Sunday, June 29, 2014
Grizzly Guy, Hunky Firemen, Pregnant Swimmer: Oh My!
“What’s up with That Guy?” Penelope nods toward the wiry grimacing little man on the torture machine. He’s making strange grunting guy noises with a face that wrinkles up in agony. His intense powder blue eyes watering at the sides. His strange little body is clad in giant workman boots, blue jeans, big belt and black slinky top over a slight pot belly. For a moment, Penelope was worried that the black slinky top was a body suit for the pool.
Shit. What if Grunting Creepy Man was a swimmer? What if she had to share a lane with him?
She wouldn’t. She’d run back up to the treadmills and walk with DL and watch So You Think You Can Dance rather than share a lane with him.
DL gives him one of her Sicilian Glance Overs. “It’s a Guy Thing.”
He grunts on the machine right next to the one that Penelope wants to do next. But she can’t. His Creepiness exudes into the air with Stay Away from me Vibes.

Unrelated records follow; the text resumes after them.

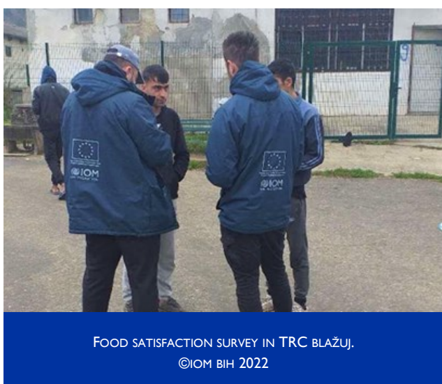
FOOD SATISFACTION SURVEY IN TRC BLAŽUJ.
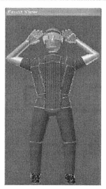
Generic Figure Highlighting Area for Resolution

The TSO who views the image will be located remotely from the individual being screened so the TSO will not be able to see the actual individual. The TSO viewing the image will communicate with the TSO at the checkpoint through a red/green light system, or through a monitor located at the checkpoint on which there will be an indication either that there is no anomaly to be resolved such that the individual can proceed or that an anomaly exists that must be resolved. If there is an anomaly to be resolved, the TSO will communicate via radio to direct the TSO at the checkpoint to the location on the individual's body where a threat item is suspected, or will highlight the anomaly location on a generic figure that is displayed on a monitor that the checkpoint TSO can read. A sample generic figure with a sample highlighting appears below. The TSO at the checkpoint will then conduct a physical pat-down that is focused on the particular area and not necessarily of the individual's entire body which would normally occur absent the added information from the WBI technology.
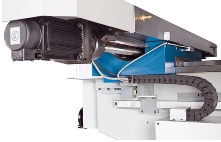
High precision ball-screws
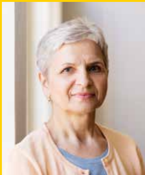
Picture posed by model

"I was deeply shocked but the incident showed me how important personal safety is. Now I always make sure the bathmat is in place.
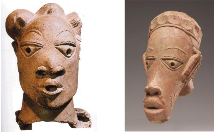
(Nok, western Sudan – modern day Nigeria 500-200 BCE)

The Nok culture that dates to around 500 BCE to 200 CE. The name “Nok” comes from a village near the place where the sculptures were found after they were washed away from their original contexts by the flooding of the Niger and Benue rivers. Most of the examples of Nok sculpture are human and animal forms. Although they are highly individualized, they are characterized by their distinctive “D” shaped eyes.
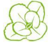
Veronica laudaiana Sun Hebe Endemic to Banks Peninsula Christchurch

I then gravitated across to the woodland garden and in the evening light the three paper bark maples ( Acer griseum ) looked spectacular.
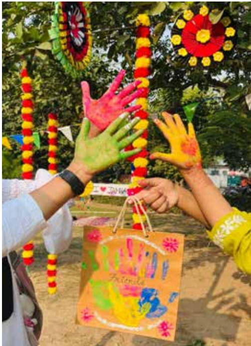
Photos: Students enjoying 'Paint a Bag' activity
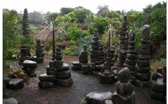
Attila Kappitany's Garden – using stones from the site

A bus load of FMBG and Melton Garden Club members visited Attila Kappitany's Garden and Kurunga Native Nursery in November.
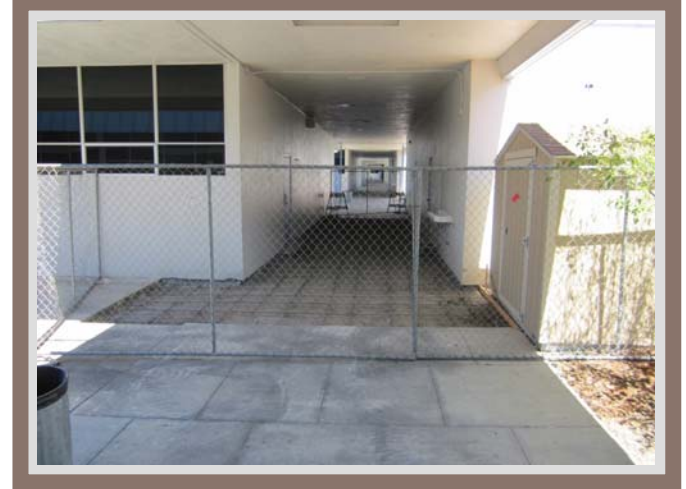
Newark Jr. High School Concrete Replacement
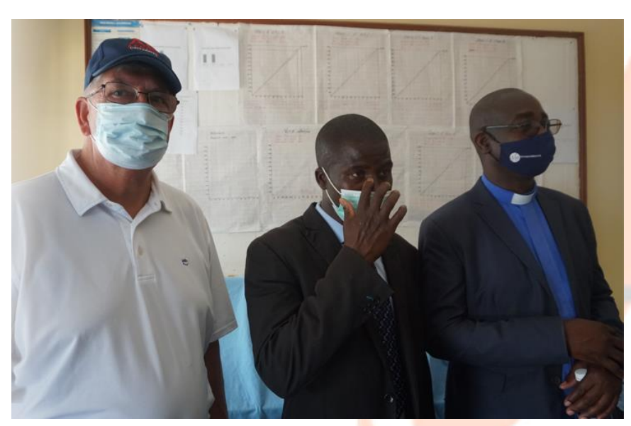
People present during the tour
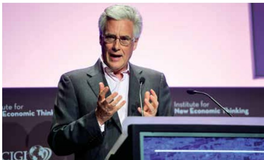
In Paris in April 2015, Lord Adair Turner addresses the sixth annual plenary conference of the Institute for New Economic Thinking, titled "Liberté, Égalité, Fragilité," in which CIGI also participated.

(Co-sponsored by CIGI and the University of Ottawa)
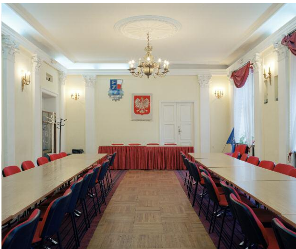
05_Trade Unions Forum, Poland fzz | warsaw, poland
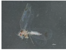
[Lateral] Aleyrodidae BIN URI: BOLD: ACC4413
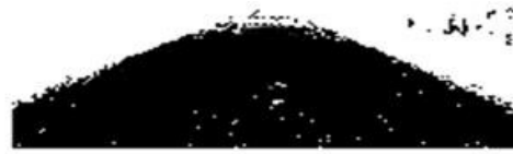
Figure 2b output image of the autonomous vehicle

The evaluation schemes used to test the output image of the system with filtering algorithm are expressed in equation (24)–(29). These evaluation schemes illustrate the measurable rate of how successful the optimized road recognition system has improved the navigation of the autonomous vehicles.
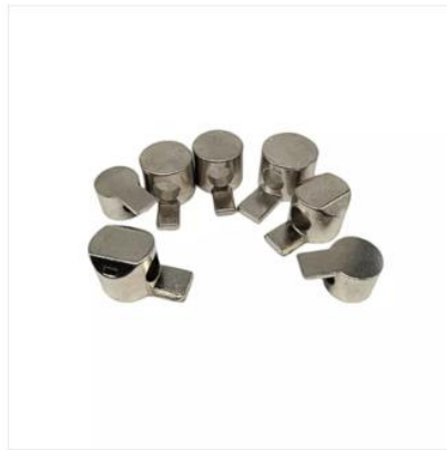
Whistle Hidden Inner Bracket Conn...
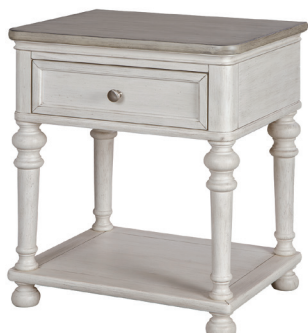
160-355 Leg Nightstand (Antique Weathered White & Gray) 20W x 18D x 28H
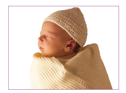
Corometrics 170 Series is your best partner from Antepartum through Intrapartum till Delivery.
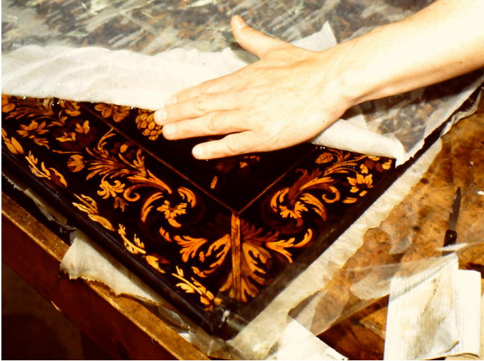
Picture from the article on glue rehydration : “Current Trends in Conservation of Marquetry Surfaces”

Glue reversibility is essential when working with veneers, inlay and marquetry surfaces. It is necessary to be able to glue and unglue veneers while building a pattern on the surface. Protein glues allow easy repair and replacement of damaged veneers, by using heat and moisture. The glues are easy to clean off the surface, either with water or sanding, and are not affected by stains, solvents and finishes. Thinned animal glue mixed with sawdust makes a good mastic for marquetry.
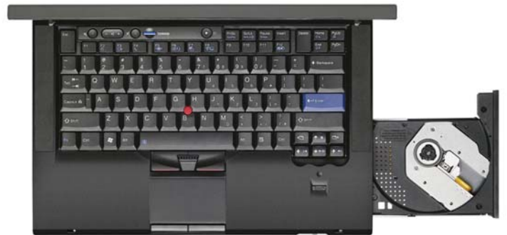
Lenovo ThinkPad T420
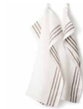
BROWN ART NO: 2017-40
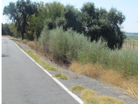
Looking northwest at dense vegetation on landward slope. (Fall 2016)
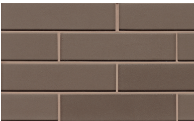
Ash - ASH
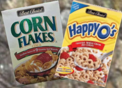
Best Choice Corn Flake and Happy O's 14-18oz

DL starts on another machine and Penelope follows her, still eyeing him. DL glances over at him again, then announces, “It’s like he’s a Serial Killer.”
Penelope bursts out laughing. DL joins in.
It is so true! He is a Serial Killer! Penelope can’t stop laughing. Why is it so funny? It’s just such an apt description.
Poets. They get it right so much of the time, don’t they?
DL ambles over to the treadmills and Penelope follows her, but she can’t stop laughing as they start their machines and turn on the TVs. Ted Bundy rises from the dead at the Oakland Y.
He is dead, isn’t he?
“I gotta hit the pool before it gets too late,” Penelope says to DL. DL nods. “Don’t let Ted Bundy get to close to you,” Penelope whispers, still giggling.
“Don’t worry about me. I can handle him,” DL says, turning on the Giants game.
Penelope knows this is true. But still, he is creepy. She takes one last look at him, still grimacing on the same torture machine from 20 minutes ago. Of course he would hog one machine. But she wasn’t gonna ask him to move. Serial Killers scared her. Even if she did have the Sicilian Protection of DL close at hand.
“What year is it? Can you tell us your name? Have you felt this way before? Are you dieting?”
The questions come fast and furious from the group of hunky firemen clustered around some poor woman on a stretcher in the women’s locker room.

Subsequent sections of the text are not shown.